/GAP

[ACL 2023] Gradient Ascent Post-training Enhances Language Model Generalization

Primary LanguagePythonApache License 2.0Apache-2.0

GAP

[ACL 2023] Gradient Ascent Post-training Enhances Language Model Generalization

Dongkeun Yoon*, Joel Jang*, Sungdong Kim, Minjoon Seo (* Equal Contribution)

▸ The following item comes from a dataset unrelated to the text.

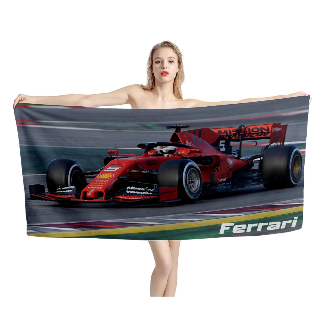 Get this unique and adorable Ferrari SF90 Formula1 Beach Towel. Printed design is edge-to-edge on fleece face in vibrant full-color with our unique printing process that is durable and won't fade or bleed! Our premium beach towel is printable on a single side only.

Updating language models towards divergence can lead to better performance.

1. Run GAP

The below example command will run 100 GAP runs with Github (Pile) on OPT-350M. You can modify the script or the config to change the training data, model etc.

bash scripts/run_git.sh

2. Test some of our top performing GAP runs

The below runs resulted in substantial performance gains in dialogue generation tasks. Note that performance gains in dialogue tasks doesn't necessarily correlate with performance gains in classification tasks, and the following models may result in performance drops in classification tasks.

  • OPT-350M
    python run.py --config configs/final/extraction-350.json --index 79 --num_train_epochs 8 --check_val_every_n_epoch 8
  • OPT-1.3B
    python run.py --config configs/final/github-1.3.json --index 56 --num_train_epochs 7 --check_val_every_n_epoch 7
  • OPT-2.7B
    python run.py --config configs/final/cc-2.7.json --index 39 --num_train_epochs 7 --check_val_every_n_epoch 7

3. Check the qualitative results

The generation results for some GAP models are available at qualitative.csv.

target: The gold response.

opt-1.3b: Baseline.

opt-1.3b-github_40, opt-1.3b-cc_61: GAP models.

4. Conduct your own analysis

We provide the full evaluation results in full_results/. These results can be aligned with the training dataset files in data/train_data/ using the corpora and index column. For example if corpora == Git. and index == 0, the evaluation result comes from a model trained on the 0th entry of data/train_data/github.csv.